Up to and including the line that holds "Du côté des", copy every line of the records below exactly, starting at the first; leave pictures out.
BEGIN Data section
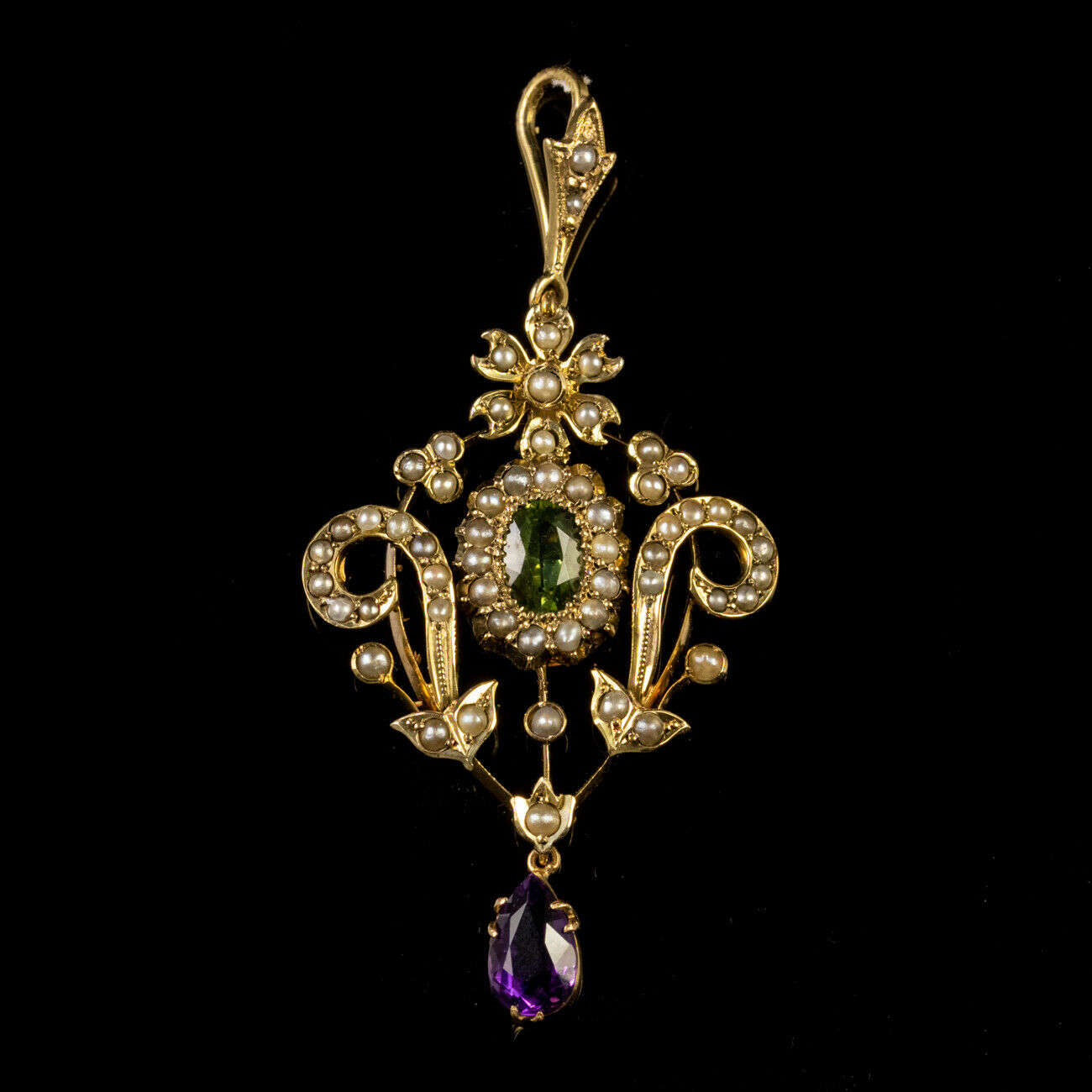 Antique Suffragette Pendant Amethyst Pearl c.1915
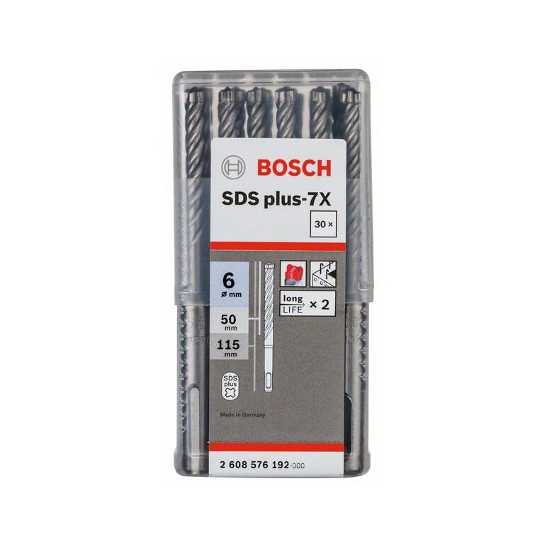 Bosch Hammerbohrer SDS plus-7X, 6 x 50 x 115 mm, 30er-Pack (2 608 576 192)
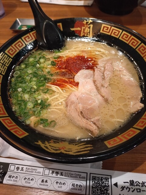 味は安定の一蘭の味でしたが、店内の雰囲気が通常店舗とは異なっててよかったです!
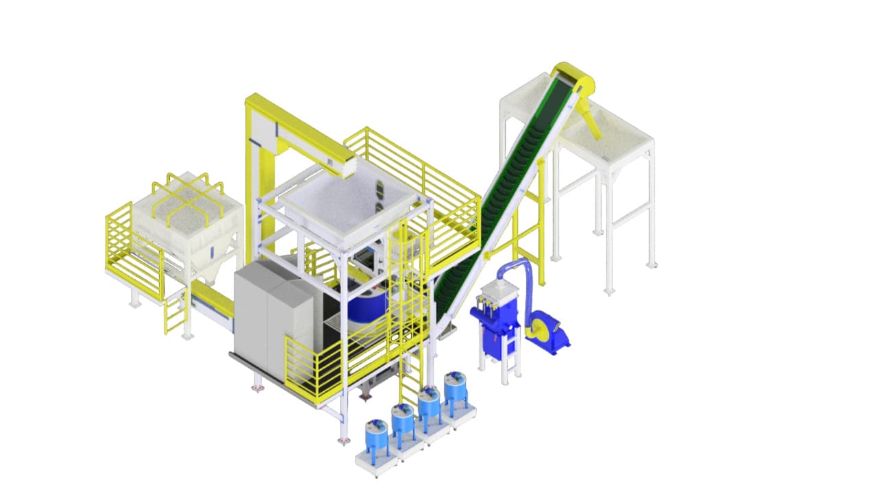 Este sistema automatizado é projetado para o tratamento, dosagem, balança de ensaque.
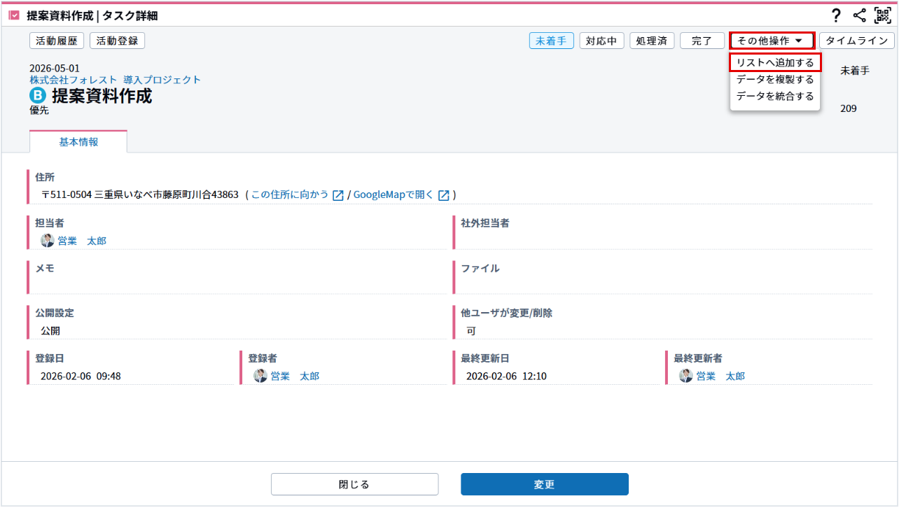・追加対象の[タスク詳細]画面より、[その他操作]の[リストへ追加する]ボタンをクリックして追加もできます。
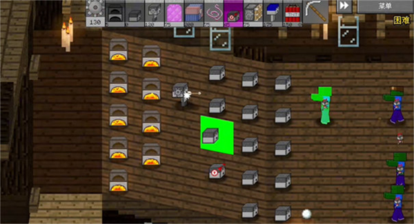 2. 在像素沙盒场地中对抗僵尸,合理放置武器来应对不同的敌人。
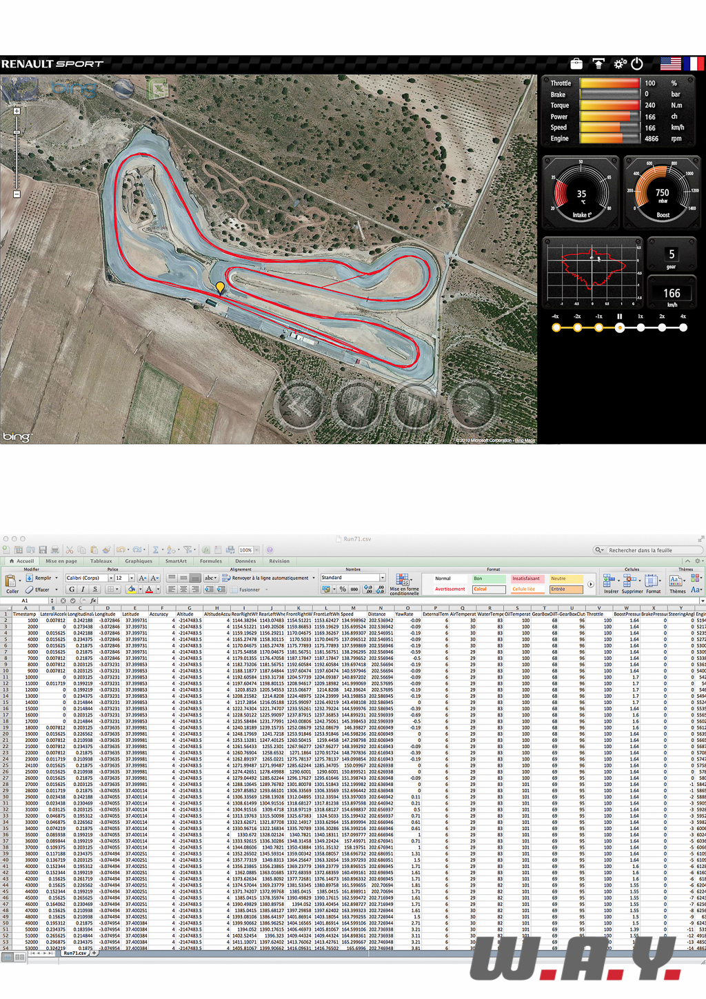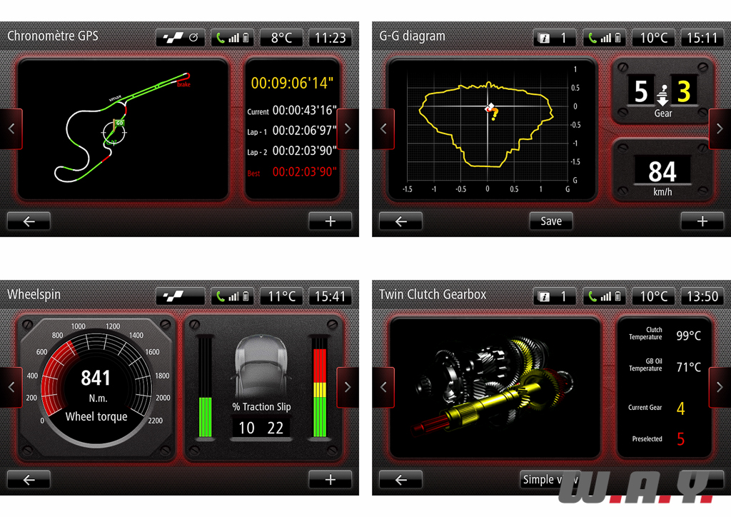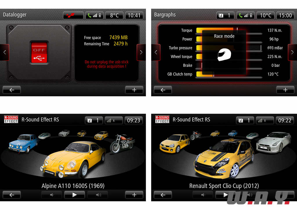 Du côté des gadgets, on notera la présence d’un « Launch Control » très efficace, mais dont l’utilité reste à m’être démontrée une fois la galerie épatée sur un parking de centre commercial désert. Le logiciel de télémétrie embarquée « R.S. Monitor », dans sa version 2.0, prend incontestablement de l’envergure avec un nombre de menus et de paramètres n’ayant rien à envier à la Formule 1. Il est possible également d’enregistrer les données d’une session circuit sur une clé USB et exporter tous ces chiffres soit dans un tableur Excel si vous êtes ingénieur pour interpréter tout ça ou alors sur un site web dédié à partir duquel il vous sera possible de modéliser votre conduite sur le tracé du circuit en observant tous les paramètres. Enfin, le système multimédia « R-Link » propose entre autres aux geeks la possibilité d’apporter de l’ambiance à leur conduite en reproduisant le son moteur d’illustres modèles Renault (Clio V6, Clio Cup, Alpine 1600, Nissan GT-R [!], etc.) en fonction de sa conduite, au travers des haut-parleurs. Si techniquement le système est convainquant par son rendu, je l’ai trouvé pour ma part ludique sur quelques kilomètres seulement…
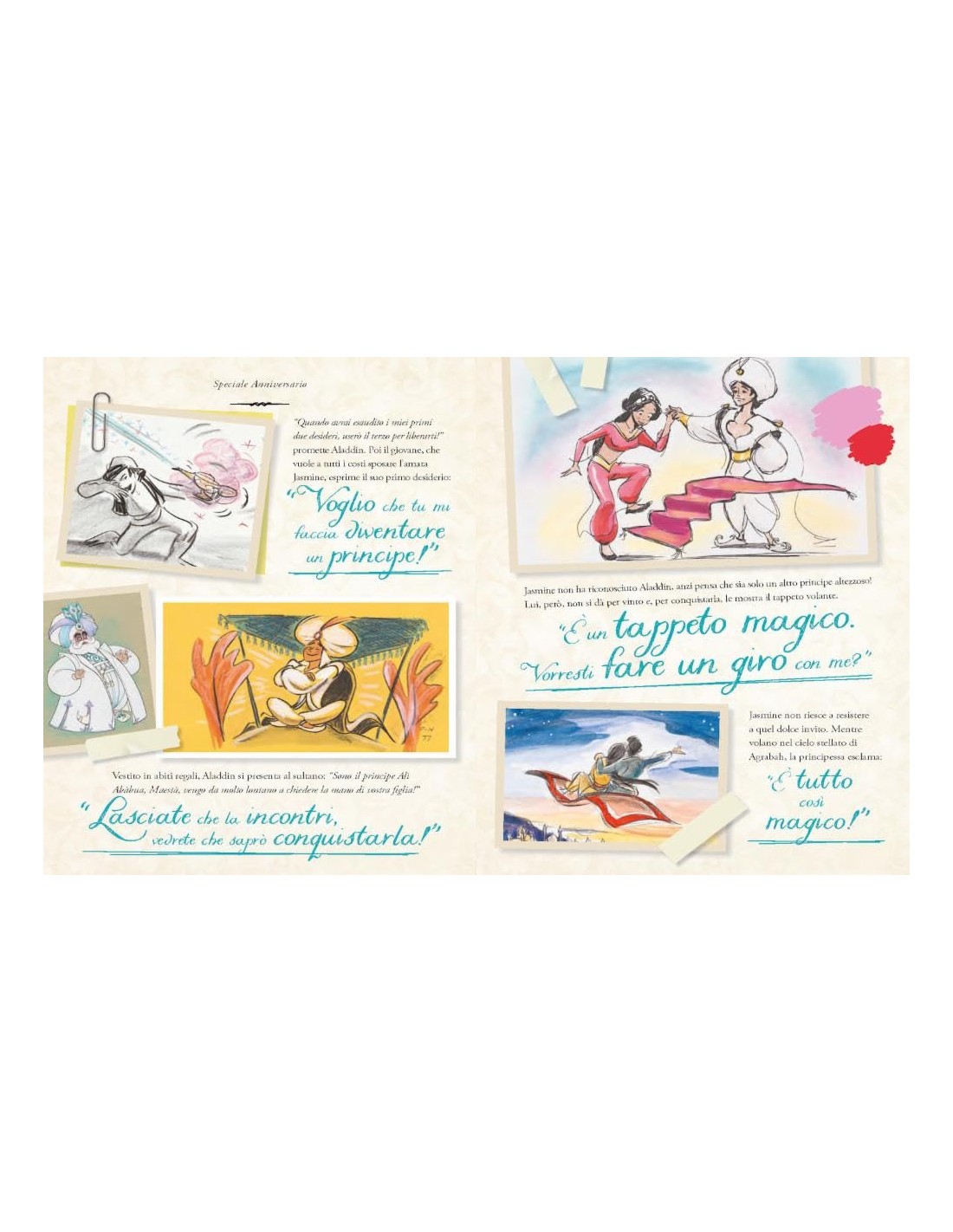 Il Genio della Lampada, la principessa Jasmine e il ladruncolo buono promettono ancora emozioni da… mille e una notte! La storia di Aladdin della collana Speciale anniversario Disney100 presenta bozzetti inediti e originali, le citazioni tratte dalle scene più belle e la storia illustrata del film. Un volume da collezione, con contenuti inediti e a tiratura limitata - disponibile solo per il 2023, con una copertina deluxe per i suoi effetti olografici. Età di lettura: da 6 anni.
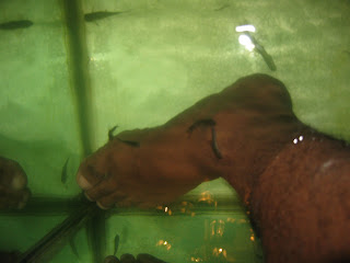 Dr. Fishes in their glass tank. The staff said these Garra Ruffa fishes used to be plenty, don't know what really happened. Maybe some died of over-eating or intoxication from some people's unpleasant feet, hahaha! Hey don't worry, they said the owner will replenish the tanks with more healthier fishes soon.
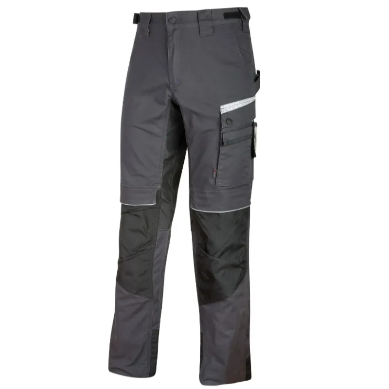 Calça Workwear TC com 2 bolsos frontais grandes, bolso lateral com inserções para ferramentas polyoxford 300D, bolso lateral multifuncional com porta-crachá retrátil, 2 bolsos traseiros livres com fecho de segurança com velcro, 2 bolsos no joelho com abertura superior e tecido interno elástico para máximo conforto. Loop de martelo ajustável. Inserções reforçadas em tecido polyoxford 300D duplo em áreas de alto contato. FLEXBAND ajustando conforme necessário; um sistema de cós inovador, retrátil e elástico. Inserções reflexivas para maior visibilidade. Costura tripla, botão à prova de riscos, fecho de correr YKK. Calças para carpinteiros, eletricistas, encanadores, instaladores, mecânicos.
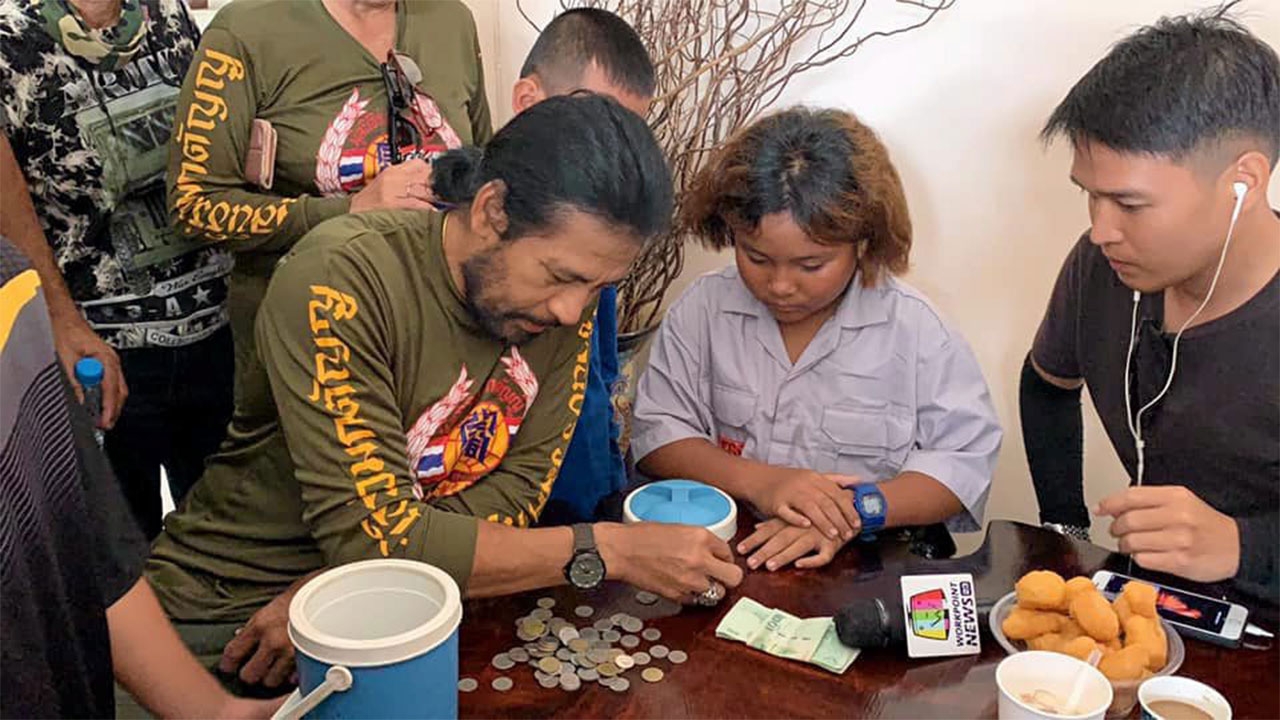 นายบิณฑ์ บรรลือฤทธิ์ พระเอกนักบุญ ช่วยนับธนบัตรและเหรียญ หลัง “น้องพิม” ด.ญ.สุภัสรา เข็มนางรอง ใส่เงินไว้ในกระติกน้ำ มารอที่ชั้นล่างในโรงแรมวิจิตรพร อ.วารินชำราบ จ.อุบลราชธานี เพื่อมอบเงินช่วยเหลือ นับเงินได้ 321 บาท ขณะที่ “บิณฑ์” ซึ้งใจแม้บ้านถูกน้ำท่วม ยังมีใจมาช่วย.
END Data section
• _Problem solution_
 Antique Suffragette Pendant Amethyst Pearl c.1915
 Bosch Hammerbohrer SDS plus-7X, 6 x 50 x 115 mm, 30er-Pack (2 608 576 192)
 味は安定の一蘭の味でしたが、店内の雰囲気が通常店舗とは異なっててよかったです!
 Este sistema automatizado é projetado para o tratamento, dosagem, balança de ensaque.
・追加対象の[タスク詳細]画面より、[その他操作]の[リストへ追加する]ボタンをクリックして追加もできます。
 2. 在像素沙盒场地中对抗僵尸,合理放置武器来应对不同的敌人。
 Du côté des gadgets, on notera la présence d’un « Launch Control » très efficace, mais dont l’utilité reste à m’être démontrée une fois la galerie épatée sur un parking de centre commercial désert. Le logiciel de télémétrie embarquée « R.S. Monitor », dans sa version 2.0, prend incontestablement de l’envergure avec un nombre de menus et de paramètres n’ayant rien à envier à la Formule 1. Il est possible également d’enregistrer les données d’une session circuit sur une clé USB et exporter tous ces chiffres soit dans un tableur Excel si vous êtes ingénieur pour interpréter tout ça ou alors sur un site web dédié à partir duquel il vous sera possible de modéliser votre conduite sur le tracé du circuit en observant tous les paramètres. Enfin, le système multimédia « R-Link » propose entre autres aux geeks la possibilité d’apporter de l’ambiance à leur conduite en reproduisant le son moteur d’illustres modèles Renault (Clio V6, Clio Cup, Alpine 1600, Nissan GT-R [!], etc.) en fonction de sa conduite, au travers des haut-parleurs. Si techniquement le système est convainquant par son rendu, je l’ai trouvé pour ma part ludique sur quelques kilomètres seulement…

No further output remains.